• [Data items]

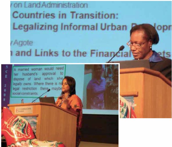 Six participants provided insights on gender issues within existing land tenure systems in Africa (Ethiopia, Ghana, Kenya, Rwanda and Zambia) and Asia (Indonesia, Sri Lanka). The participants each provided a background paper (available on www.justnsustshelter.org) and delivered presentations and inputs in various forums over the two days.
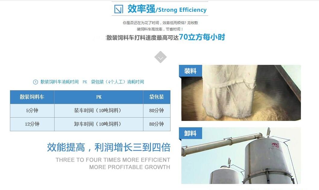1 經(jīng)濟(jì)效益、勞動時間等對比 項目 袋包裝 飼料罐 裝卸費用(1噸飼料) 18元(人工) 2元(電耗) 包裝袋費用(1噸飼料) 20元 0元 裝車時間(10噸飼料) 60分鐘 20分鐘 卸車時間(10噸飼料) 60分鐘 30分鐘 從上表中可以直觀的看出:1.在裝卸費用上,散裝運輸比袋包裝運輸要節(jié)約16元/噸。2.在包裝費用上,散裝運輸比袋包裝運輸要節(jié)約20元/噸。3.在裝卸時間上,散裝運輸比袋包裝運輸要節(jié)約70分鐘。通過以上統(tǒng)計分析發(fā)現(xiàn),散裝飼料運輸車經(jīng)濟(jì)效益非常明顯。
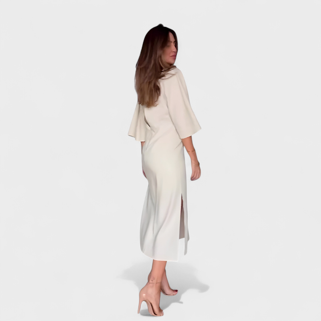 Um vestido que prova que menos é mais. O corte fluído, aliado ao detalhe do laço frontal, cria uma silhueta sofisticada e elegante, perfeita para qualquer ocasião. Seja num evento especial, num jantar elegante ou até no dia a dia, esta peça transmite confiança, charme e modernidade sem esforço.
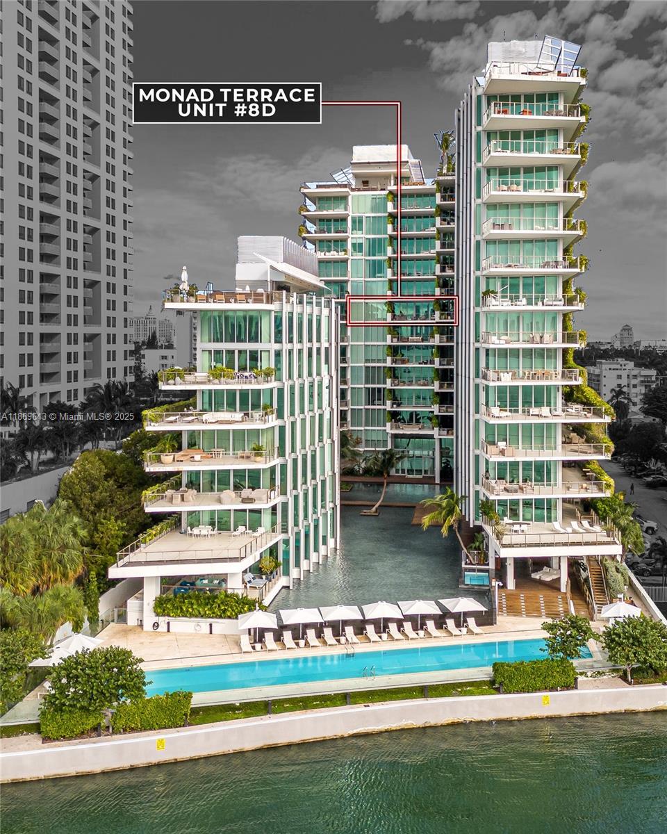 Experience the elegance of Monad Terrace, Unit 8D, a stunning waterfront residence designed by Pritzker Prize-winning architect Jean Nouvel, part of an exclusive collection of 59 homes along Biscayne Bay. Upon entering,you'll find natural light flooding the spacious interiors, featuring opulent marble bathrooms, custom cabinetry,exquisite designer fixtures, and warm teak wood flooring. Each residence offers a private elevator for added convenience. Enjoy luxury living where nature and design meet in the heart of Miami Beach. Picture sipping yourmorning coffee on the expansive wraparound balcony at sunrise and unwinding with stunning sunsets from yourprivate terrace. This is not just a home; it’s a lifestyle of sophistication and beauty. Furniture negotiable. Priced to Sell.
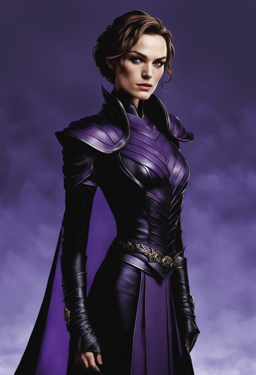 This image shows a detailed and realistic full-body portrait of a beautiful, sadistic woman with a sinister smile in black and purple armor, set against a Snake Mountain backdrop.
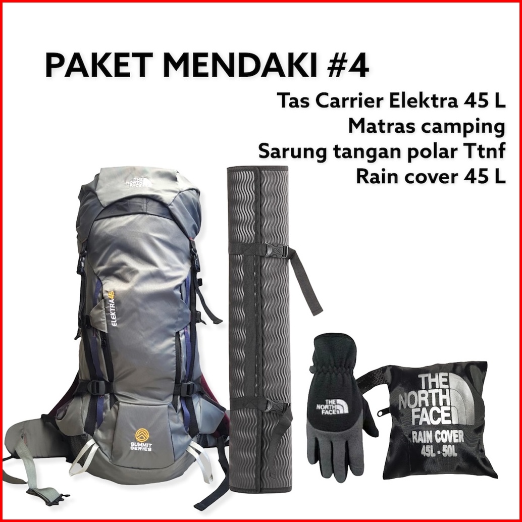 Paket Hemat 4 Paket Mendaki Tas Carier Elektra 45 L - Matras - Sarung Tangan - Rain Cover
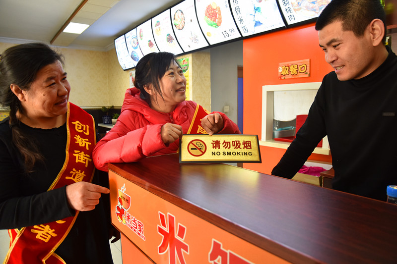志愿者劝导公共场所请勿吸烟。

• [Work to complete]
Write out the data once more exactly, omitting the pictures.

• [Answer to this task]
 Six participants provided insights on gender issues within existing land tenure systems in Africa (Ethiopia, Ghana, Kenya, Rwanda and Zambia) and Asia (Indonesia, Sri Lanka). The participants each provided a background paper (available on www.justnsustshelter.org) and delivered presentations and inputs in various forums over the two days.
1 經(jīng)濟(jì)效益、勞動時間等對比 項目 袋包裝 飼料罐 裝卸費用(1噸飼料) 18元(人工) 2元(電耗) 包裝袋費用(1噸飼料) 20元 0元 裝車時間(10噸飼料) 60分鐘 20分鐘 卸車時間(10噸飼料) 60分鐘 30分鐘 從上表中可以直觀的看出:1.在裝卸費用上,散裝運輸比袋包裝運輸要節(jié)約16元/噸。2.在包裝費用上,散裝運輸比袋包裝運輸要節(jié)約20元/噸。3.在裝卸時間上,散裝運輸比袋包裝運輸要節(jié)約70分鐘。通過以上統(tǒng)計分析發(fā)現(xiàn),散裝飼料運輸車經(jīng)濟(jì)效益非常明顯。
 Um vestido que prova que menos é mais. O corte fluído, aliado ao detalhe do laço frontal, cria uma silhueta sofisticada e elegante, perfeita para qualquer ocasião. Seja num evento especial, num jantar elegante ou até no dia a dia, esta peça transmite confiança, charme e modernidade sem esforço.
 Experience the elegance of Monad Terrace, Unit 8D, a stunning waterfront residence designed by Pritzker Prize-winning architect Jean Nouvel, part of an exclusive collection of 59 homes along Biscayne Bay. Upon entering,you'll find natural light flooding the spacious interiors, featuring opulent marble bathrooms, custom cabinetry,exquisite designer fixtures, and warm teak wood flooring. Each residence offers a private elevator for added convenience. Enjoy luxury living where nature and design meet in the heart of Miami Beach. Picture sipping yourmorning coffee on the expansive wraparound balcony at sunrise and unwinding with stunning sunsets from yourprivate terrace. This is not just a home; it’s a lifestyle of sophistication and beauty. Furniture negotiable. Priced to Sell.
 This image shows a detailed and realistic full-body portrait of a beautiful, sadistic woman with a sinister smile in black and purple armor, set against a Snake Mountain backdrop.
 Paket Hemat 4 Paket Mendaki Tas Carier Elektra 45 L - Matras - Sarung Tangan - Rain Cover
志愿者劝导公共场所请勿吸烟。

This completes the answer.